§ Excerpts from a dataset
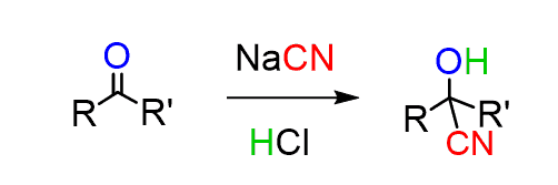 These are nucleophilic substitution reactions and we introduce the nitrile group by using the nucleophilicity of the cyanide ion. In a similar manner, aldehydes and ketones can be converted to cyanohydrin:
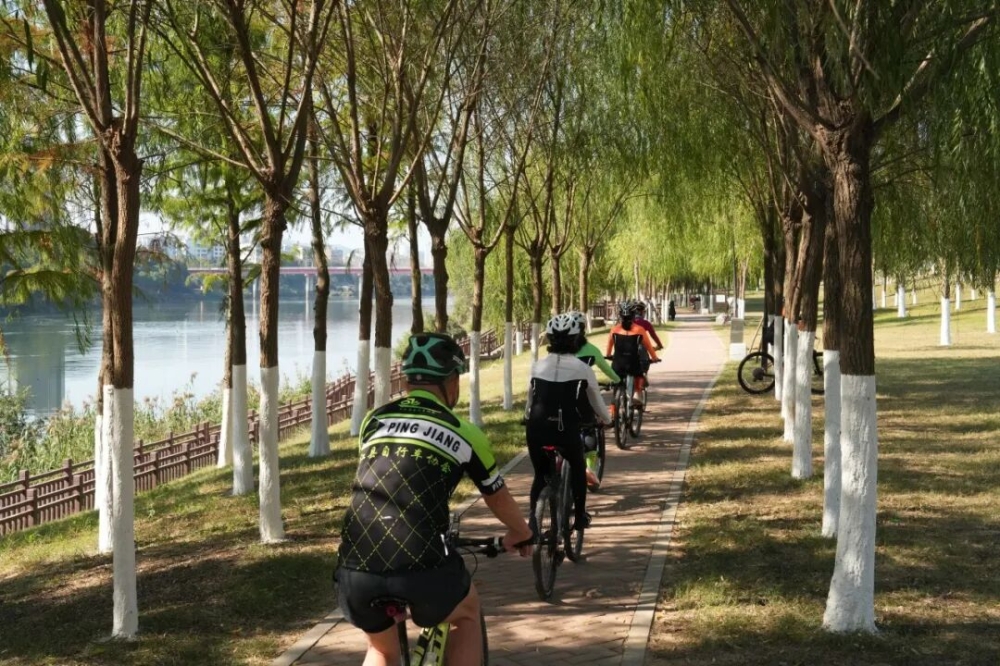 从山林回到城区,平江县城还藏着另一道春日风景线——汨罗江城区沿线的骑行绿道。这里没有山路的崎岖,只有平坦宽阔的骑行道,和两岸连绵的春光。
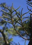 Erect or sometimes pendent epiphyte. Stems sometimes branching. Leaves borne on the apical half of the stem, terete, sometimes with a groove on the upper surface. Flowers in short inflorescences along the stem, axillary or on the old leaf nodes, pale green, turning apricot with age. Petals narrower than sepals; lip widening near the 3-lobed apex. Spur 6-18 mm, straight, slightly inflated in the apical half. The flowers are scented at night. |
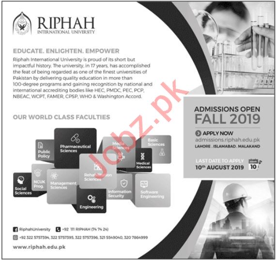 Riphah International University Lahore Campus, Pakistan are starting admissions fall 2019 for the classes of Master in Engineering, Media Science, Pharmaceutical Science and Management Science. Read newspaper ad for exact details.
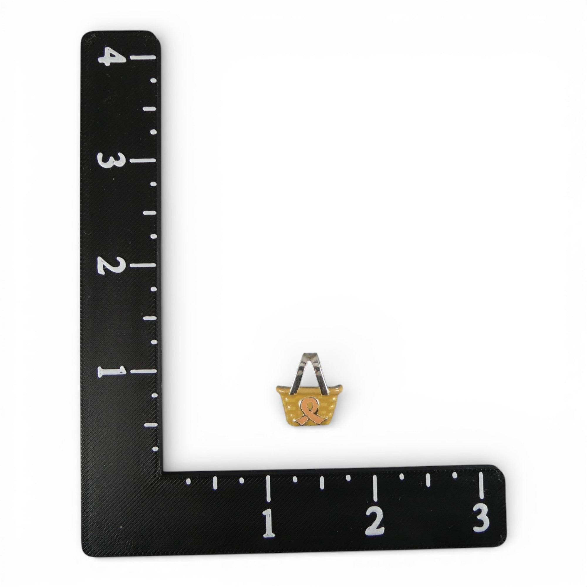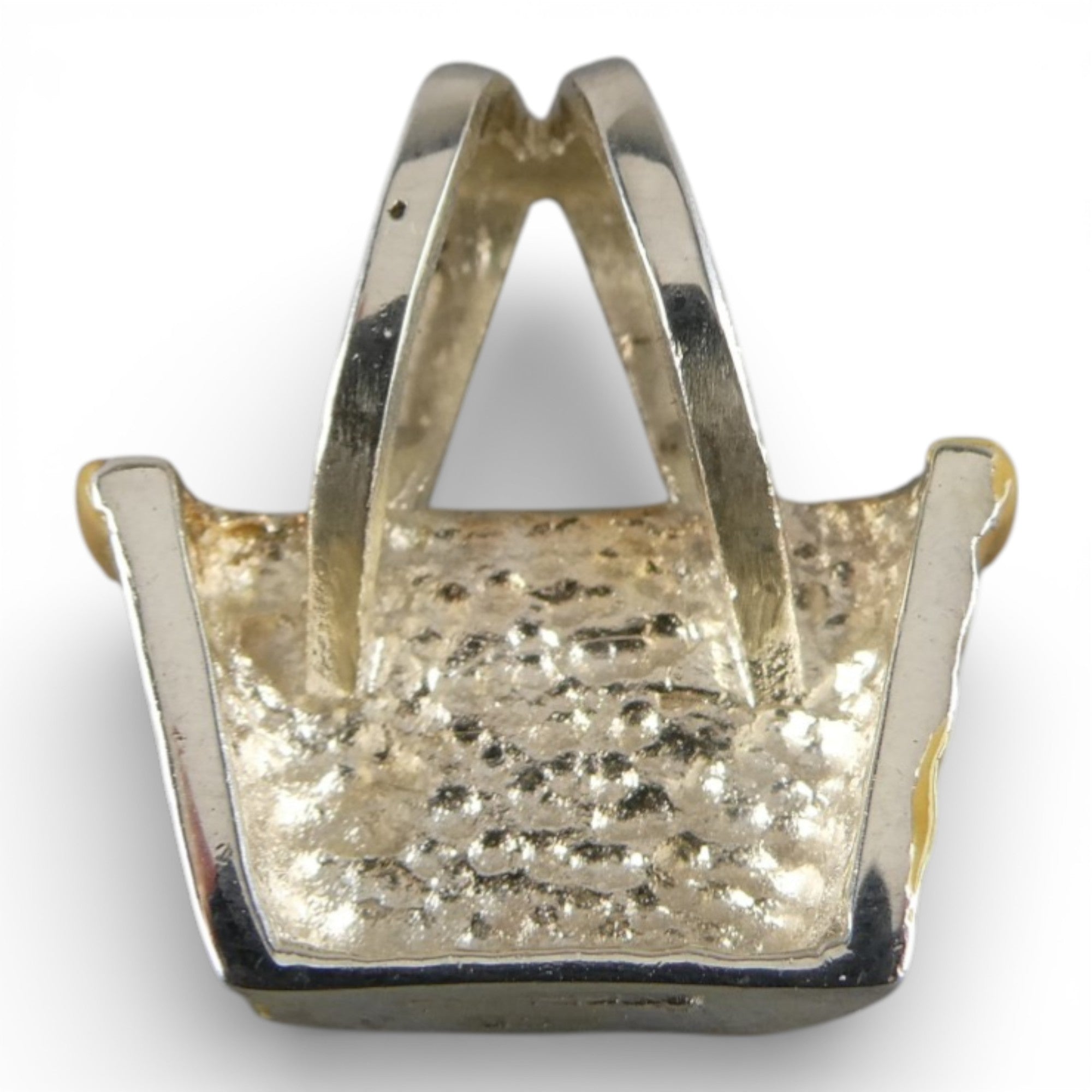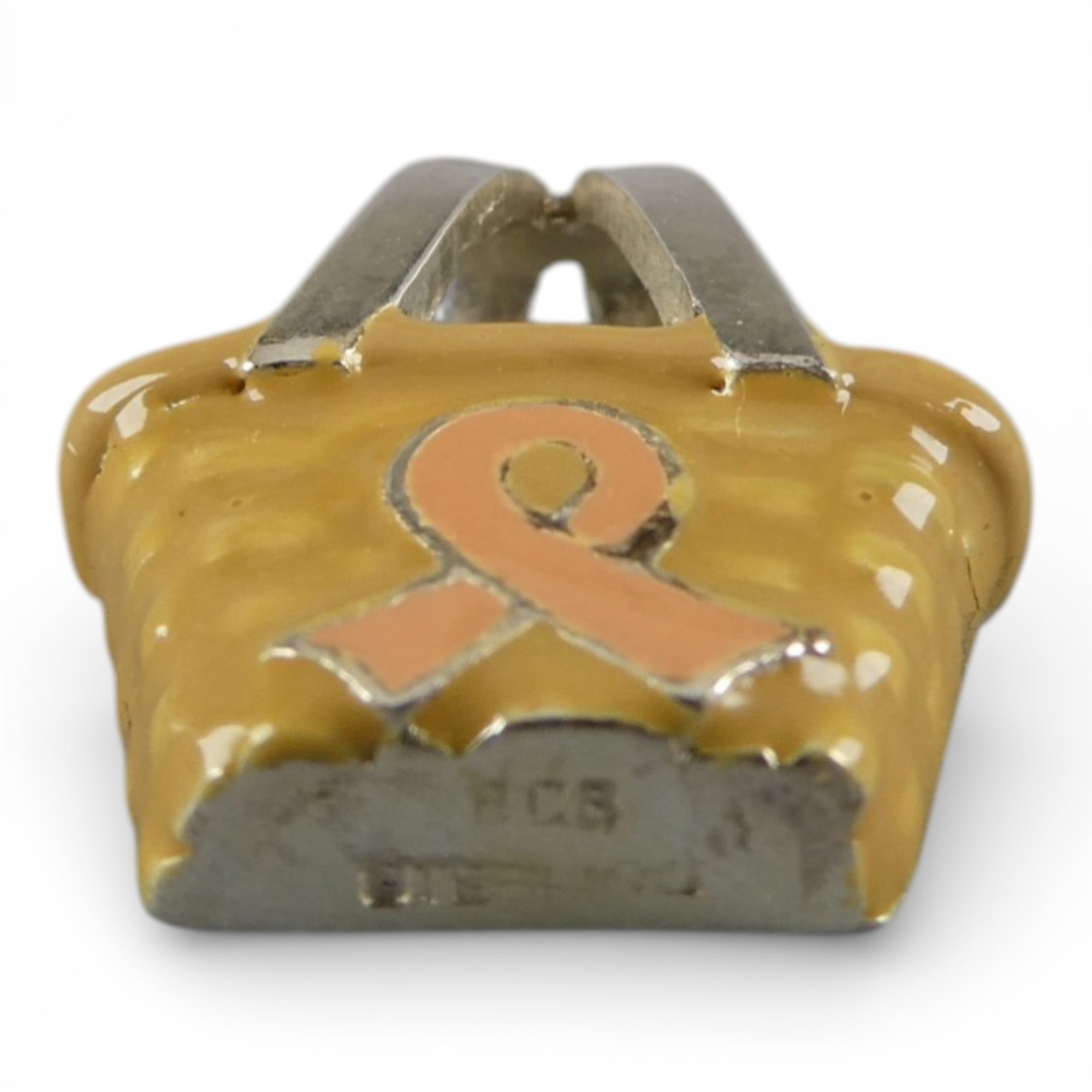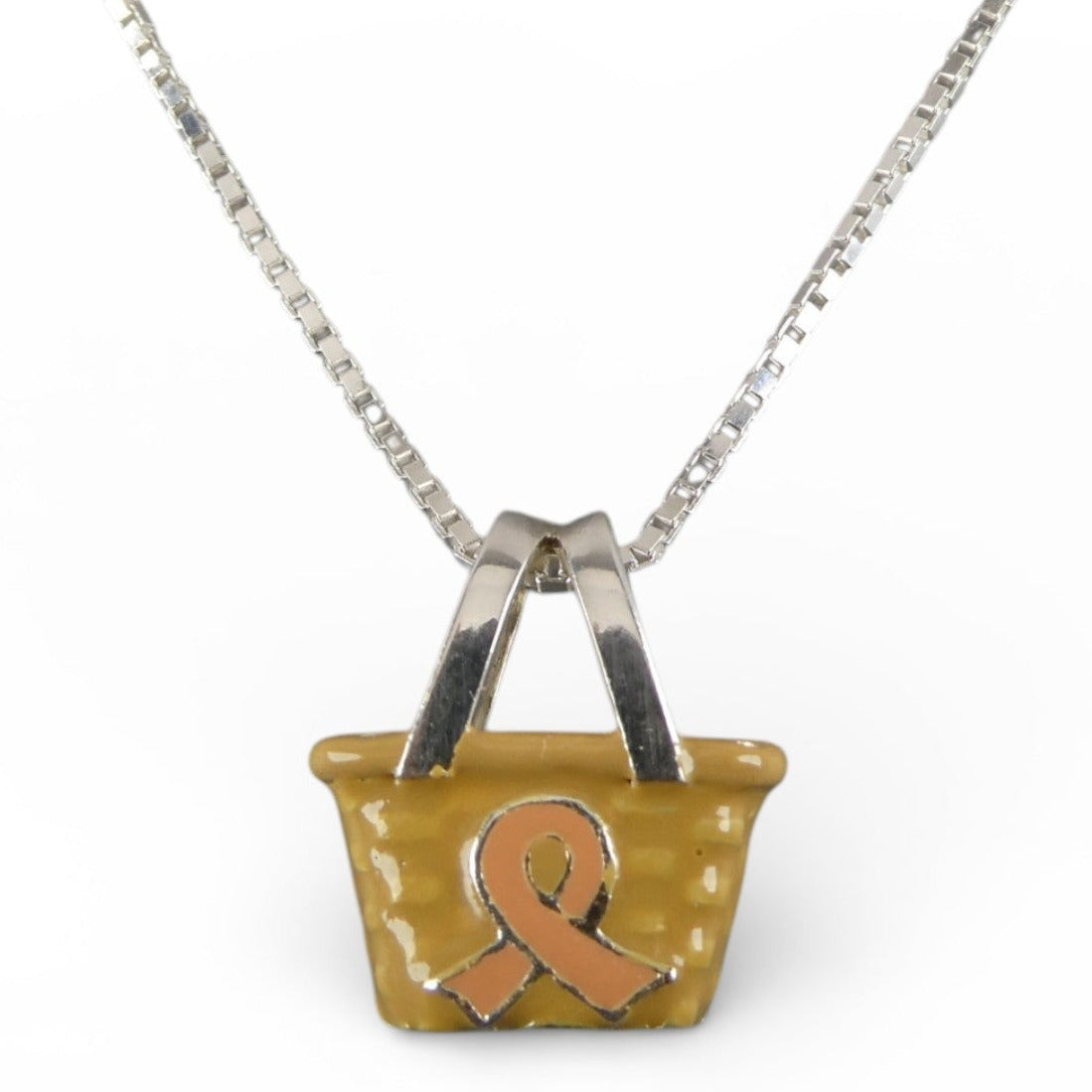Sterling silver and hand-enameled Breast Cancer Awareness Basket Pendant or Charm. Marked BCB for Brown County Baskets and Sterling. Vintage and in never worn condition.
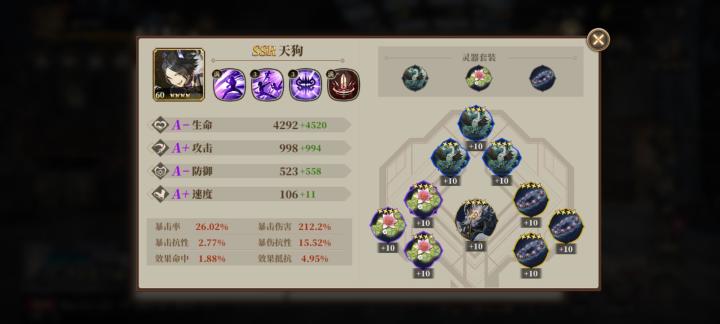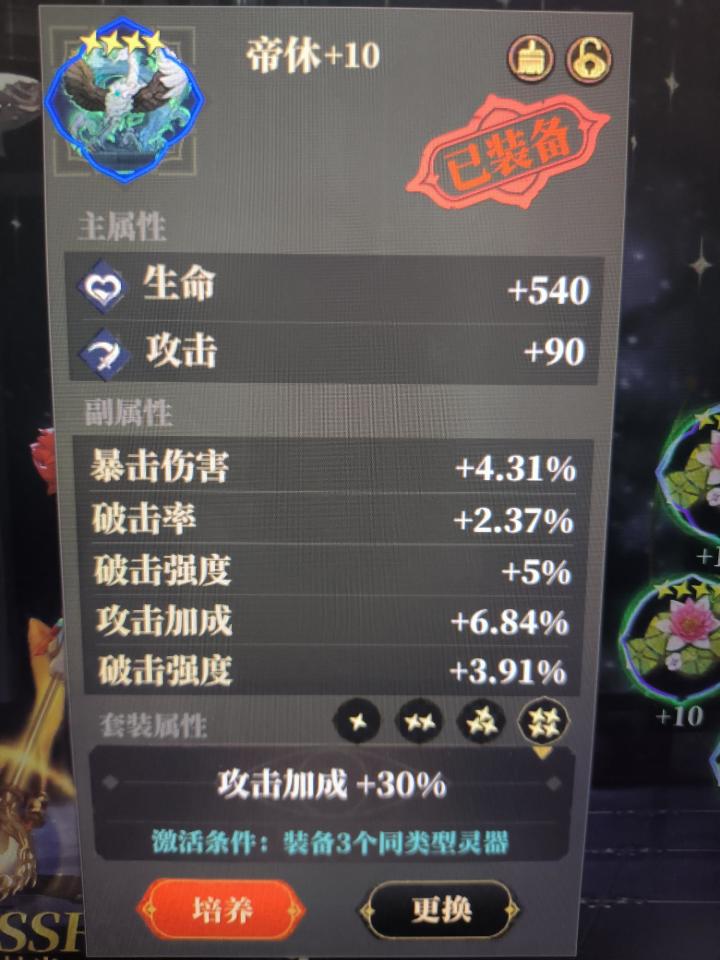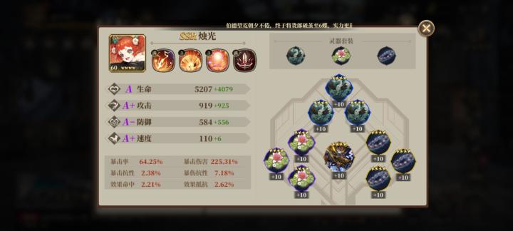 鉴于有很多新人小伙伴在看完我上一个贴后后台私信我具体阵容问题,我就再发一条具体的面板贴,大家可以一起交流探讨,高人绕道。1.输出带暴击,爆伤,攻击加成,这是毋庸置疑的,其中烛光最好带副词条效果加成的灵器,我带的核心灵器是雷神,每10灵气加10%直接伤害,虽然对间接伤害没有加成,但是最高80%的直接伤害加成,比苍身的40%还是香一点点。副C为天狗,带烛焰,对残血收割伤害加成,二者相辅相成,搭配合

§ How to complete this task
The copy must start at the line containing "从山林回到城区,平江县城还藏" and end at the last line of the records, matching each line exactly and holding no pictures.

§ Solution to this task
 从山林回到城区,平江县城还藏着另一道春日风景线——汨罗江城区沿线的骑行绿道。这里没有山路的崎岖,只有平坦宽阔的骑行道,和两岸连绵的春光。
 Erect or sometimes pendent epiphyte. Stems sometimes branching. Leaves borne on the apical half of the stem, terete, sometimes with a groove on the upper surface. Flowers in short inflorescences along the stem, axillary or on the old leaf nodes, pale green, turning apricot with age. Petals narrower than sepals; lip widening near the 3-lobed apex. Spur 6-18 mm, straight, slightly inflated in the apical half. The flowers are scented at night. |
 Riphah International University Lahore Campus, Pakistan are starting admissions fall 2019 for the classes of Master in Engineering, Media Science, Pharmaceutical Science and Management Science. Read newspaper ad for exact details.
Sterling silver and hand-enameled Breast Cancer Awareness Basket Pendant or Charm. Marked BCB for Brown County Baskets and Sterling. Vintage and in never worn condition.
 鉴于有很多新人小伙伴在看完我上一个贴后后台私信我具体阵容问题,我就再发一条具体的面板贴,大家可以一起交流探讨,高人绕道。1.输出带暴击,爆伤,攻击加成,这是毋庸置疑的,其中烛光最好带副词条效果加成的灵器,我带的核心灵器是雷神,每10灵气加10%直接伤害,虽然对间接伤害没有加成,但是最高80%的直接伤害加成,比苍身的40%还是香一点点。副C为天狗,带烛焰,对残血收割伤害加成,二者相辅相成,搭配合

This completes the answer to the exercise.